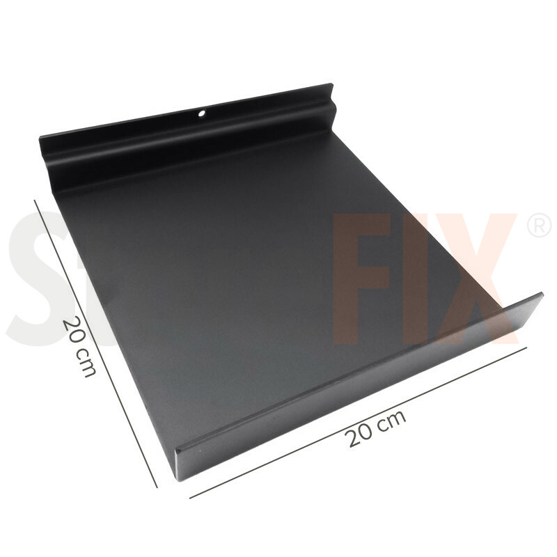 Las bandejas metálicas StoreFIX para panel ranurado son accesorios resistentes y prácticos para exhibición en tiendas, retail y showrooms.
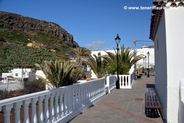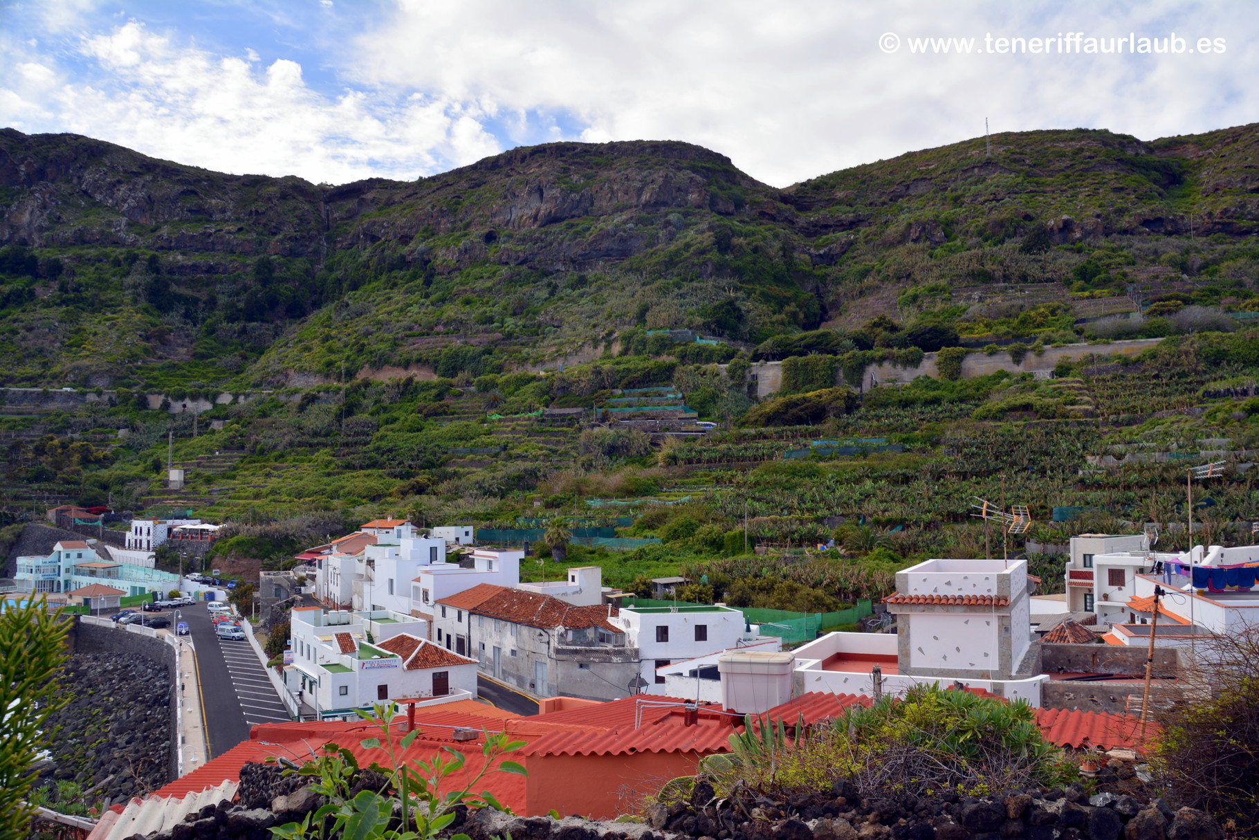 Im oberen Teil von Las Aguas finden sich besonders schöne, teils historische Häuser mit viel Charakter. Die Architektur ist oft schlicht, aber einzigartig, mit traditionellen Holzbalkonen, pastellfarbenen Fassaden und kleinen Details, die vom ländlichen Teneriffa vergangener Zeiten erzählen. Ein zentraler Treffpunkt ist die kleine Kirche, die zusammen mit dem Platz davor eine ruhige, fast meditative Atmosphäre ausstrahlt. Wer den kurzen Weg hinter die Kirche nimmt, wird mit einem spektakulären Ausblick belohnt. Von hier aus reicht der Blick weit über das tiefblaue Meer und die dramatische Nordküste, von Puerto de la Cruz bis hinüber nach Mesa del Mar und El Pris. Besonders bei Sonnenuntergang ist dieser Ort magisch.
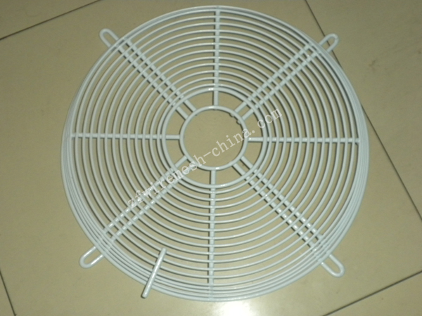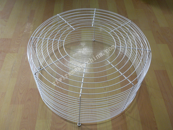 金属防护罩/风机罩采用低碳钢丝为原料,通过折弯成型。风机罩具有美观、焊点牢固、不生锈、易清洗等特点。风机罩型号规格可根据客户需求订做!

[Exercise details]: When you reproduce the data shown above, keep each line exact and omit every picture.

[Exercise solution]:
 Las bandejas metálicas StoreFIX para panel ranurado son accesorios resistentes y prácticos para exhibición en tiendas, retail y showrooms.
 Im oberen Teil von Las Aguas finden sich besonders schöne, teils historische Häuser mit viel Charakter. Die Architektur ist oft schlicht, aber einzigartig, mit traditionellen Holzbalkonen, pastellfarbenen Fassaden und kleinen Details, die vom ländlichen Teneriffa vergangener Zeiten erzählen. Ein zentraler Treffpunkt ist die kleine Kirche, die zusammen mit dem Platz davor eine ruhige, fast meditative Atmosphäre ausstrahlt. Wer den kurzen Weg hinter die Kirche nimmt, wird mit einem spektakulären Ausblick belohnt. Von hier aus reicht der Blick weit über das tiefblaue Meer und die dramatische Nordküste, von Puerto de la Cruz bis hinüber nach Mesa del Mar und El Pris. Besonders bei Sonnenuntergang ist dieser Ort magisch.
 金属防护罩/风机罩采用低碳钢丝为原料,通过折弯成型。风机罩具有美观、焊点牢固、不生锈、易清洗等特点。风机罩型号规格可根据客户需求订做!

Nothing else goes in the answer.